If you read part 1 of this series, ala Churn Prediction for E-Commerce with Predictive Modelling, you know I recently wrapped up a full end-to-end churn prediction project as part of my postgrad program. That article was the 30,000-foot view – the business problem, the segmentation insights, the high-level model results.
With this one I simply walk you through the code.
But instead of just dumping code snippets for you to copy pasta, I want to walk you through what I actually did and, more importantly, why it matters.
This is especially important if you’re learning data science like me and want to move past simply “running a notebook” to actually “building useful solutions.”
With me?
Alright, let’s go.
🧱 1. The Barebones Setup: Getting Started with Libraries
First things first, importing your go-to libraries. Everyone does this, and these are more or less the main ones.
import pandas as pd
import numpy as np
import matplotlib.pyplot as plt
import seaborn as sns
Here is what each one does:
pandas
is your table wrangler. It’s how you handle, clean, and manipulate tabular data like spreadsheets or database tables.numpy
is your math person. It’s for numerical operations, especially with arrays and matrices. (highly beneficial with deep learning too)matplotlib.pyplot
andseaborn
are your default visualization libs. Patterns, distributions, and relationships etc. You can’t understand what’s going on without visualizing it.
📥 2. Loading and Peeking at the Data: The First Handshake
Right after importing, the very next step is always to load your data and take a quick look.
df = pd.read_excel("/content/Customer Churn Data.xlsx", sheet_name="data for churn")
print(df.head())
Output:
AccountID Churn Tenure City_Tier CC_Contacted_LY Payment Gender
0 20000 1 4 3.0 6.0 Debit Card Female
1 20001 1 0 1.0 8.0 UPI Male
2 20002 1 0 1.0 30.0 Debit Card Male
3 20003 1 0 3.0 15.0 Debit Card Male
4 20004 1 0 1.0 12.0 Credit Card Male
...
What to note:
You’re not just checking if the file loaded correctly here.
You’re starting to build a mental model of the dataset.
What are the column names?
What kind of values are in the first few rows?
Are there any immediate red flags?
This quick check sets the stage for the whole project more or less.
📏 3. How Big Is This? Getting the Lay of the Land
Once you’ve had a quick look, the next question is scale.
How many rows?
How many columns?
print("Dataset Shape:", df.shape)
Output:
Dataset Shape: (11260, 19)
What to note:
Okay, over 11,000 accounts with 19 different pieces of information each.
That’s a decent size.
Small enough that you can probably work with it comfortably on a standard laptop, but large enough to feel like a realistic business dataset.
🔎 4. What’s Missing?

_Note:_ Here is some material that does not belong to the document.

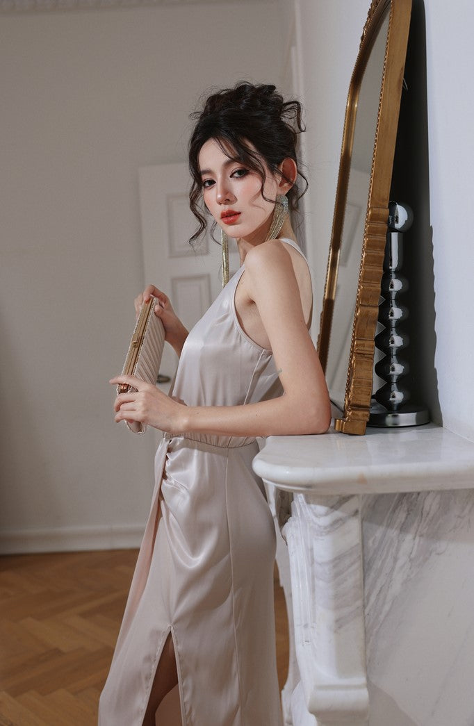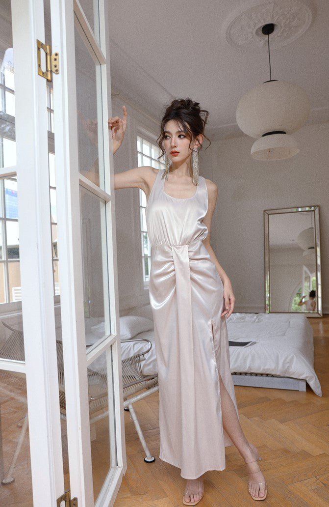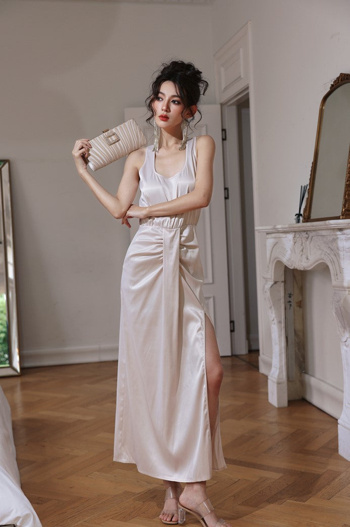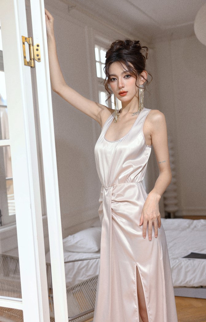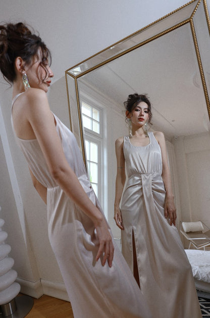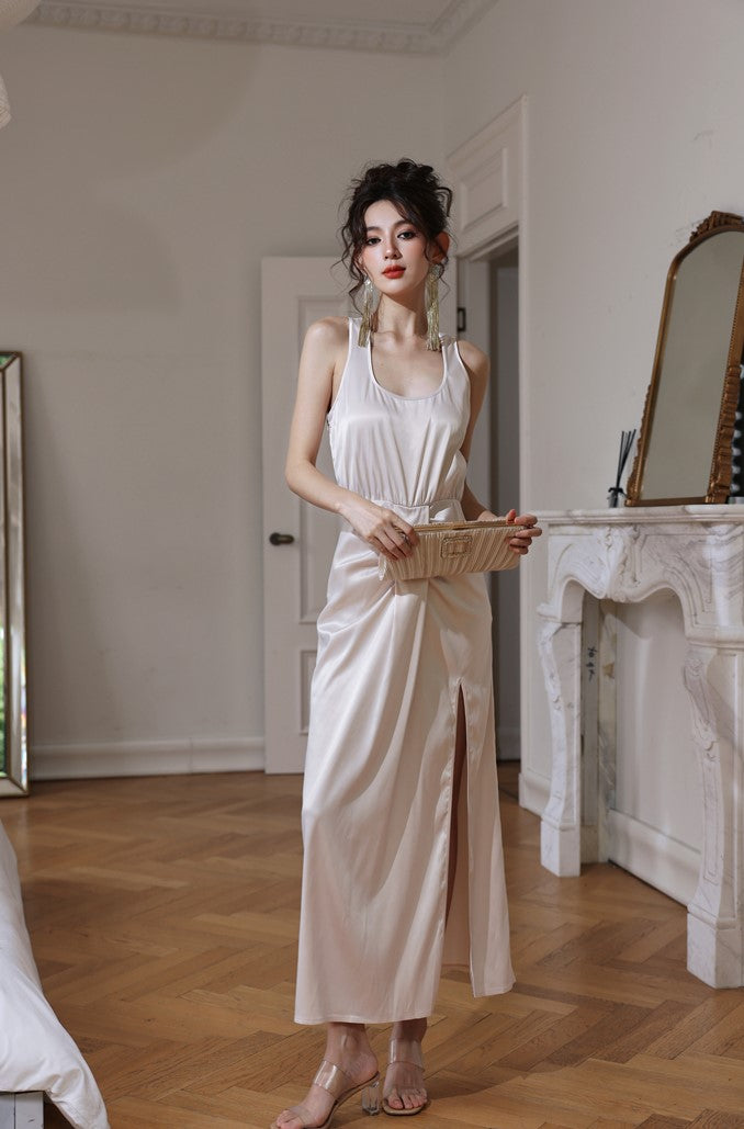 DOLLY Luxury Silky French Style Sleeveless Pleated Backless Dinner Dress-MERRY
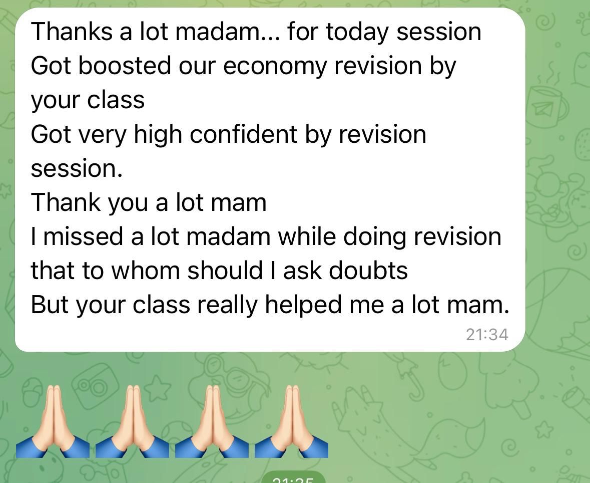 Economics finally started making sense. Nanki ma'am's clarity removed my fear of the subject completely.

And What’s Weird?: The Data Audit
Now, let’s get serious about inspecting the data.
print("Missing Values and Data Types:")
print(df.info())
Output (not sharing the full output, but you’d see the full output in your notebook):
Tenure 11158 non-null object
City_Tier 11148 non-null float64
Payment 11151 non-null object
...
Login_device 11039 non-null object
This is usually where you hit your first real “uh oh” moment.
Tenure is showing up as object (meaning Python thinks it’s text) when it should be numbers?
Same for Account_user_count.
That means they’re likely strings with some hidden characters or mixed types.
We’ll definitely need to convert those.
Plus, a bunch of missing values across several columns.
This output is very close to what real datasets look like.
Dirty, inconsistent, and full of specific things.
If your data looks perfect after df.info(), you’re probably working with a toy dataset or someone else has already done the hard work for you.
🧹 5. Light Data Cleaning Before Modelling
Data cleaning and preparing is the best habit to build to get really good outcomes.
from sklearn.impute import KNNImputer
knn_features = ['rev_per_month', 'cashback', 'Tenure', 'City_Tier',
'Service_Score', 'Account_user_count', 'CC_Agent_Score',
'Complain_ly', 'rev_growth_yoy', 'coupon_used_for_payment', 'Day_Since_CC_connect']
df_knn = df.copy()
knn_imputer = KNNImputer(n_neighbors=5)
df_knn[knn_features] = knn_imputer.fit_transform(df_knn[knn_features])
print(df_knn[knn_features].isnull().sum())
What to note:
In this specific dataset, I found no duplicates but there were a few missing values which I packed with KNN imputer before plotting the churn.
Is it optimal? Not really but since I used KNN imputer and slightly off data would not cause major business issues I did that instead of discarding the missing values.
If you’re building data pipelines, including this step becomes even more important for data integrity.
📊 6. Let’s Talk Class Imbalance
Before jumping into features, it’s important to understand your target variable.
In churn prediction, this means looking at the distribution of “churned” vs. “not churned” customers.
sns.countplot(x='Churn', data=df)
plt.title("Churn Distribution")
plt.show()
Output:
Observation:
Only about 17% of the users in this dataset had actually churned. The vast majority were still active customers.
Teaching moment:
This is a classic case of an imbalanced classification problem.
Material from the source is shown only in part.